● Problem: Before you reproduce the entries that follow, strip out any image they contain and keep the rest exact.

● Provided material:

=== Begin Enclosure ===

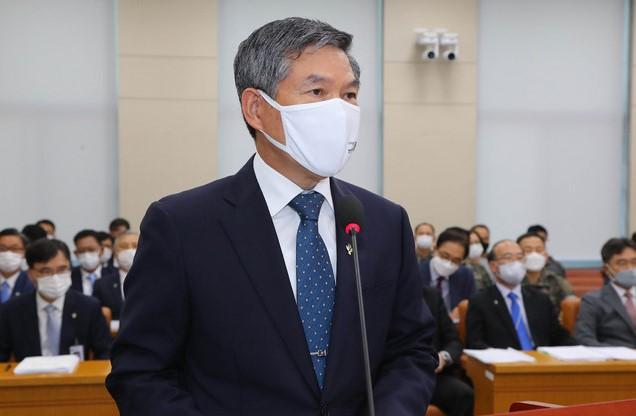 ▲정경두 국방부 장관이 22일 서울 여의도 국회에서 열린 국방위원회 전체회의에 참석해 업무보고를 하고 있다. [뉴시스]
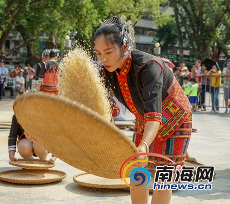 4月8日上午,五指山市在三月三廣場舉行舂米比賽,一位參賽選手正在篩米。南海網記者 葉子青 攝
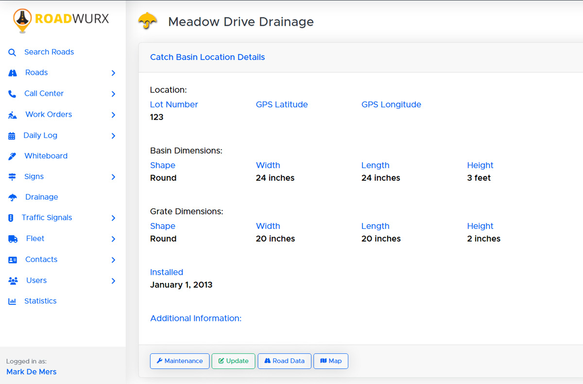 With Roadwurx's asset management platform, you can store vital stormwater installation data, such as location, type of installation (catch basin, drywell, culvert, ditch, retention pond), installation date,
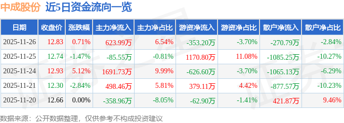 证券之星消息,截至2025年11月26日收盘,中成股份(000151)报收于12.83元,上涨0.71%,换手率2.4%,成交量7.39万手,成交额9546.41万元。
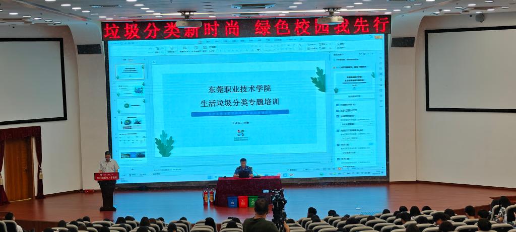 本次讲座邀请东莞市南城街道生活垃圾分类宣讲员、东莞市“莞香花”垃圾分类讲师、南城街道学习贯彻党的二十大精神莞邑百姓宣讲团成员、南城教育管理中心“大思政课”特聘讲师团讲师林彬老师担任主讲。林彬老师凭借丰富的垃圾分类宣传经验和专业的理论知识,为在场新生带来了一场内容翔实、生动有趣的精彩分享。讲座过程中,同学们认真聆听,积极互动,现场学习氛围浓厚。
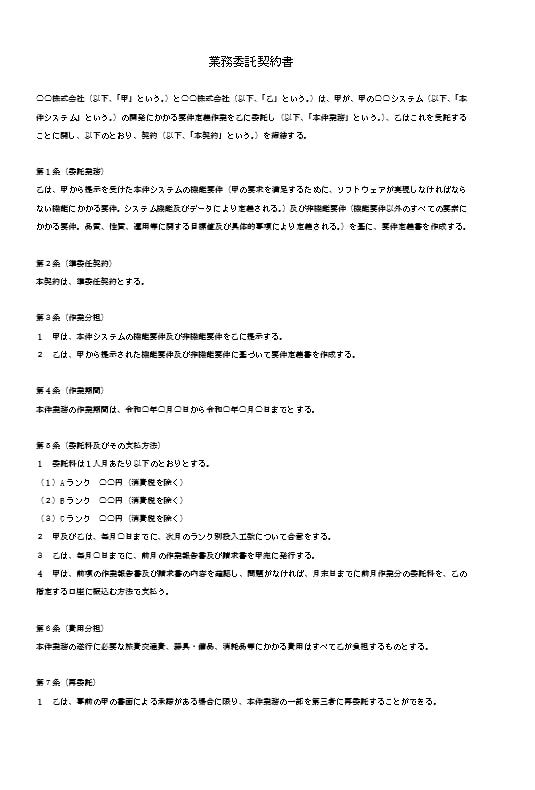 業務委託契約書 〇〇株式会社(以下、「甲」という。)と〇〇株式会社(以下、「乙」という。)は、甲が、甲の○○システム(以下、「本件システム」という。)の開発にかかる要件定義作業を乙に委託し(以下、「本件業務」という。)、乙はこれを受託することに関し、以下のとおり、契約(以下、「本契約」という。)を締結する。 第1条(委託業務) 乙は、甲から提示を受けた本件システムの機能要件(甲の要求を満足するために、ソフトウェアが実現しなければならない機能にかかる要件。システム機能及びデータにより定義される。)及び非機能要件(機能要件以外のすべての要素にかかる要件。品質、性質、運用等に関する目標値及び具体的事項により定義される。)を基に、要件定義書を作成する。 第2条(準委任契約) 本契約は、準委任契約とする。 第3条(作業分担) 1 甲は、本件システムの機能要件及び非機能要件を乙に提示する。 2 乙は、甲から提示された機能要件及び非機能要件に基づいて要件定義書を作成する。 第4条(作業期間) 本件業務の作業期間は、令和〇年〇月〇日から令和〇年〇月〇日までとする。 第5条(委託料及びその支払方法) 1 委託料は1人月あたり以下のとおりとする。 (1)Aランク 〇〇円(消費税を除く) (2)Bランク 〇〇円(消費税を除く) (3)Cランク 〇〇円(消費税を除く) 2 甲及び乙は、毎月○日までに、次月のランク別投入工数について合意をする。 3 乙は、毎月○日までに、前月の作業報告書及び請求書を甲宛に発行する。 4 甲は、前項の作業報告書及び請求書の内容を確認し、問題がなければ、月末日までに前月作業分の委託料を、乙の指定する口座に振込む方法で支払う。 第6条(費用分担) 本件業務の遂行に必要な旅費交通費、器具・備品、消耗品等にかかる費用はすべて乙が負担するものとする。 第7条(再委託) 1 乙は、事前の甲の書面による承諾がある場合に限り、本件業務の一部を第三者に再委託することができる。 2 甲が前項の承諾を拒否するには、合理的な理由を要するものとする。 3 乙が、第1項の承諾に関して、甲に対して再委託開始時期の○日前までに当該再委託先の名称及び住所等を記載した書面による再委託承諾申請を通知し、甲から当該通知受領後○日以内に具体的理由を明記した書面による承諾拒否の通知がない場合、甲は当該再委託を承諾したものとみなす。 4 乙は当該再委託先との間で、再委託にかかる業務を遂行させることについて、本契約に基づいて乙が甲に対して負担するのと同様の義務を、再委託先に負わせる契約を締結するものとする。 5 乙は、再委託先の履行について甲に帰責事由がある場合を除き、自ら業務を遂行した場合と同様の責任を負うものとする。但し、甲の指定した再委託先の履行については、乙に故意又は重過失がある場合を除き、責任を負わない。 6 再委託先がさらに再委託をする場合も同様とする。 第8条(責任者) 1 甲及び乙は、それぞれ本件業務に関する責任者を選任し、本契約締結後速やかに相手方に通知するものとする。 2 甲及び乙は、責任者を変更する場合は、事前に書面により相手方に通知しなければならない。 3 甲及び乙の責任者は、本契約に定められた甲及び乙の義務の履行その他本件業務の遂行に必要な意思決定、指示、同意等をする権限及び責任を有する。 第9条(主任担当者) 1 甲及び乙は、本契約締結後速やかに、責任者の下に連絡確認及び必要な調整を行う主任担当者を1名又は複数名選任し、書面により、相手方に通知するものとする。 2 甲及び乙は、主任担当者を変更する場合は、速やかに書面により相手方に通知しなければならない。 3 甲及び乙は、本契約に定めた事項のほか、本件業務遂行に関する相手方からの要請、指示等の受理及び相手方への依頼、その他日常的な相手方との連絡、確認等は責任者又は主任担当者を通じて行うものとする。 第10条(連絡協議会) 1 甲及び乙は、本件業務の進捗状況、未決定事項の解決等、必要事項を協議し、決定するため、連絡協議会を開催するものとする。 2 連絡協議会は、原則として、月1回の頻度で定期的に開催するものとし、それに加えて、甲又は乙が必要と認める場合に随時開催するものとする。 3 連絡協議会には、甲乙双方の責任者、主任担当者及び責任者が適当と認める者が出席する。 4 甲及び乙は、本件業務の遂行に関し連絡協議会で決定された事項について、本契約に反しない限り、これに従う義務を負う。 5 乙は、連絡協議会の議事内容及び結果について、書面により議事録を作成し、甲乙双方の責任者が承認するものとする。 第11条(要件定義書) 要件定義書の作成を完了した場合、甲及び乙は、要件定義書の記載内容が本件システムの要件定義として必要事項を満たしていることを確認し、確認できた場合は、甲乙双方の責任者が承認するものとする。 第12条(資料の提供・管理等) 1 乙は、甲に対し、本件業務の遂行に必要な資料等について、開示を求めることができる。甲

=== End Enclosure ===

● Solution for this exercise:
 ▲정경두 국방부 장관이 22일 서울 여의도 국회에서 열린 국방위원회 전체회의에 참석해 업무보고를 하고 있다. [뉴시스]
 4月8日上午,五指山市在三月三廣場舉行舂米比賽,一位參賽選手正在篩米。南海網記者 葉子青 攝
 With Roadwurx's asset management platform, you can store vital stormwater installation data, such as location, type of installation (catch basin, drywell, culvert, ditch, retention pond), installation date,
 证券之星消息,截至2025年11月26日收盘,中成股份(000151)报收于12.83元,上涨0.71%,换手率2.4%,成交量7.39万手,成交额9546.41万元。
 本次讲座邀请东莞市南城街道生活垃圾分类宣讲员、东莞市“莞香花”垃圾分类讲师、南城街道学习贯彻党的二十大精神莞邑百姓宣讲团成员、南城教育管理中心“大思政课”特聘讲师团讲师林彬老师担任主讲。林彬老师凭借丰富的垃圾分类宣传经验和专业的理论知识,为在场新生带来了一场内容翔实、生动有趣的精彩分享。讲座过程中,同学们认真聆听,积极互动,现场学习氛围浓厚。
 業務委託契約書 〇〇株式会社(以下、「甲」という。)と〇〇株式会社(以下、「乙」という。)は、甲が、甲の○○システム(以下、「本件システム」という。)の開発にかかる要件定義作業を乙に委託し(以下、「本件業務」という。)、乙はこれを受託することに関し、以下のとおり、契約(以下、「本契約」という。)を締結する。 第1条(委託業務) 乙は、甲から提示を受けた本件システムの機能要件(甲の要求を満足するために、ソフトウェアが実現しなければならない機能にかかる要件。システム機能及びデータにより定義される。)及び非機能要件(機能要件以外のすべての要素にかかる要件。品質、性質、運用等に関する目標値及び具体的事項により定義される。)を基に、要件定義書を作成する。 第2条(準委任契約) 本契約は、準委任契約とする。 第3条(作業分担) 1 甲は、本件システムの機能要件及び非機能要件を乙に提示する。 2 乙は、甲から提示された機能要件及び非機能要件に基づいて要件定義書を作成する。 第4条(作業期間) 本件業務の作業期間は、令和〇年〇月〇日から令和〇年〇月〇日までとする。 第5条(委託料及びその支払方法) 1 委託料は1人月あたり以下のとおりとする。 (1)Aランク 〇〇円(消費税を除く) (2)Bランク 〇〇円(消費税を除く) (3)Cランク 〇〇円(消費税を除く) 2 甲及び乙は、毎月○日までに、次月のランク別投入工数について合意をする。 3 乙は、毎月○日までに、前月の作業報告書及び請求書を甲宛に発行する。 4 甲は、前項の作業報告書及び請求書の内容を確認し、問題がなければ、月末日までに前月作業分の委託料を、乙の指定する口座に振込む方法で支払う。 第6条(費用分担) 本件業務の遂行に必要な旅費交通費、器具・備品、消耗品等にかかる費用はすべて乙が負担するものとする。 第7条(再委託) 1 乙は、事前の甲の書面による承諾がある場合に限り、本件業務の一部を第三者に再委託することができる。 2 甲が前項の承諾を拒否するには、合理的な理由を要するものとする。 3 乙が、第1項の承諾に関して、甲に対して再委託開始時期の○日前までに当該再委託先の名称及び住所等を記載した書面による再委託承諾申請を通知し、甲から当該通知受領後○日以内に具体的理由を明記した書面による承諾拒否の通知がない場合、甲は当該再委託を承諾したものとみなす。 4 乙は当該再委託先との間で、再委託にかかる業務を遂行させることについて、本契約に基づいて乙が甲に対して負担するのと同様の義務を、再委託先に負わせる契約を締結するものとする。 5 乙は、再委託先の履行について甲に帰責事由がある場合を除き、自ら業務を遂行した場合と同様の責任を負うものとする。但し、甲の指定した再委託先の履行については、乙に故意又は重過失がある場合を除き、責任を負わない。 6 再委託先がさらに再委託をする場合も同様とする。 第8条(責任者) 1 甲及び乙は、それぞれ本件業務に関する責任者を選任し、本契約締結後速やかに相手方に通知するものとする。 2 甲及び乙は、責任者を変更する場合は、事前に書面により相手方に通知しなければならない。 3 甲及び乙の責任者は、本契約に定められた甲及び乙の義務の履行その他本件業務の遂行に必要な意思決定、指示、同意等をする権限及び責任を有する。 第9条(主任担当者) 1 甲及び乙は、本契約締結後速やかに、責任者の下に連絡確認及び必要な調整を行う主任担当者を1名又は複数名選任し、書面により、相手方に通知するものとする。 2 甲及び乙は、主任担当者を変更する場合は、速やかに書面により相手方に通知しなければならない。 3 甲及び乙は、本契約に定めた事項のほか、本件業務遂行に関する相手方からの要請、指示等の受理及び相手方への依頼、その他日常的な相手方との連絡、確認等は責任者又は主任担当者を通じて行うものとする。 第10条(連絡協議会) 1 甲及び乙は、本件業務の進捗状況、未決定事項の解決等、必要事項を協議し、決定するため、連絡協議会を開催するものとする。 2 連絡協議会は、原則として、月1回の頻度で定期的に開催するものとし、それに加えて、甲又は乙が必要と認める場合に随時開催するものとする。 3 連絡協議会には、甲乙双方の責任者、主任担当者及び責任者が適当と認める者が出席する。 4 甲及び乙は、本件業務の遂行に関し連絡協議会で決定された事項について、本契約に反しない限り、これに従う義務を負う。 5 乙は、連絡協議会の議事内容及び結果について、書面により議事録を作成し、甲乙双方の責任者が承認するものとする。 第11条(要件定義書) 要件定義書の作成を完了した場合、甲及び乙は、要件定義書の記載内容が本件システムの要件定義として必要事項を満たしていることを確認し、確認できた場合は、甲乙双方の責任者が承認するものとする。 第12条(資料の提供・管理等) 1 乙は、甲に対し、本件業務の遂行に必要な資料等について、開示を求めることができる。甲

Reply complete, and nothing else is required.